This note introduces the Bluestein algorithm, also known as the Chirp-Z transform, and outlines how it can be implemented efficiently on GPUs.

Algorithm idea

The discrete Fourier transform of a signal can be written as:

$$ X_k=\sum_{n=0}^{N-1}x(n)e^{-\frac{2i\pi}{N}nk} $$

The cross term $nk$ can be expanded through a square:

$$ (n-k)^2=n^2-2nk+k^2 => nk=-\frac{(n-k)^2-n^2-k^2}{2} $$

Substituting this into the original expression gives:

$$ e^{-\frac{2i\pi}{N}nk}=e^{\frac{2i\pi}{N}\frac{(n-k)^2-n^2-k^2}{2}}=e^{\frac{\pi i(n-k)^2}{N}}e^{-\frac{\pi in^2}{N}}e^{-\frac{\pi ik^2}{N}} $$

So the Fourier transform can be rewritten as:

$$ X_k=e^{-\frac{\pi i k^2}{N}}\sum_{n=0}^{N-1}{x(n)}e^{\frac{\pi i(n-k)^2}{N}}e^{-\frac{\pi in^2}{N}} $$

If we define $A_n=x(n)e^{\frac{\pi i n^2}{N}}$ and $B_n=e^{\frac{\pi in^2}{N}}$, then the transform becomes:

$$ X_k=B_n^{*}\sum_{n=0}^{N-1}A_nB_{n-k} $$

The last term is a convolution, which means that the DFT can be evaluated via convolution instead of direct summation.

Convolution theorem

Convolution is a standard operation in signal processing and image processing. The convolution theorem states that convolution in the time domain corresponds to multiplication in the frequency domain.
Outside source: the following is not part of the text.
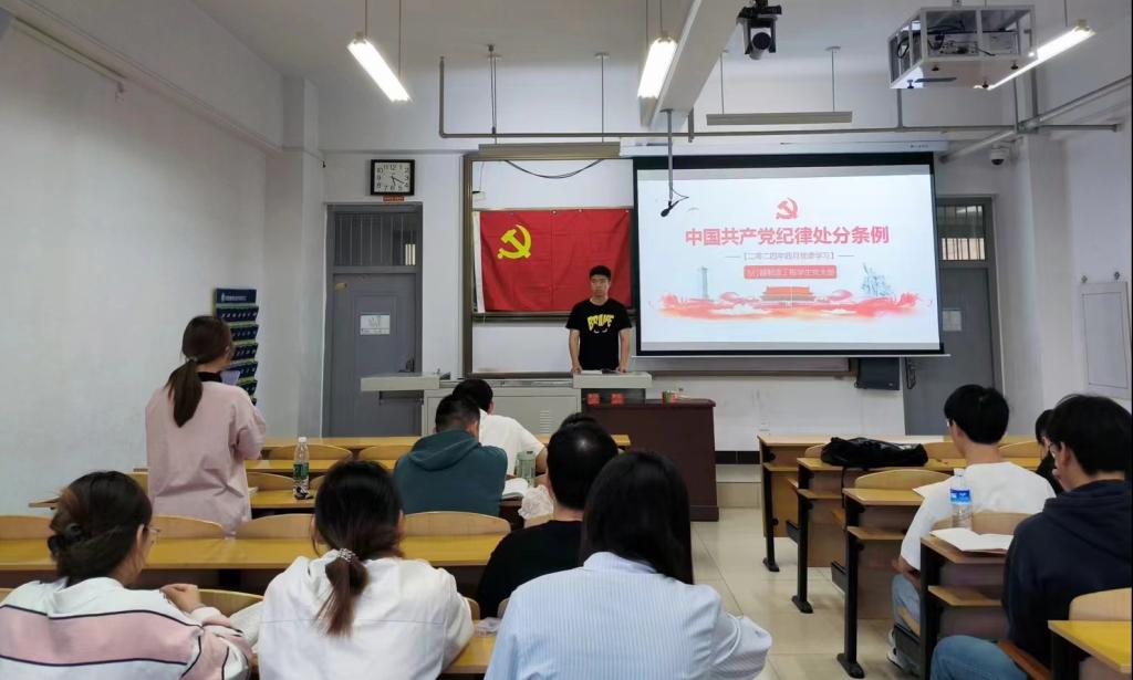 飞行器制造工程学生党支部于教室15108Z展开《中国共产党纪律处分条例》学习,会议由支部副书记刘晓澎主持。

For two discrete sequences $a_n$ and $b_n$, with $\star$ denoting convolution, $F$ denoting the Fourier transform, and $F^{-1}$ the inverse transform, we have:

$$ (a_n \star b_n)=F^{-1}(F(a_n) \cdot F(b_n)) $$

This observation reduces the complexity from $O(N^2)$ to roughly $O(N\log N)$ when FFTs are used.

Zero padding

FFT-based convolution assumes periodic signals, so zero padding is needed to avoid circular convolution when the target is linear convolution. In ordinary convolution, the padded length is usually $N_1+N_2-1$. For the Bluestein algorithm, if the FFT length is $N$, the required length becomes $2N-1$. In practice we often round this up to the nearest power of two because radix-2 FFTs are more efficient.

Implementation steps

With the derivation above, the implementation becomes straightforward:

  1. Zero-pad the input sequence $A_n = x_ne^{-\frac{\pi j}{N}n^2}$.
  2. Zero-pad the chirp sequence $B_n=e^{\frac{\pi j}{N}n^2}$.
  3. Compute FFTs for both padded sequences.
  4. Multiply the transformed sequences elementwise.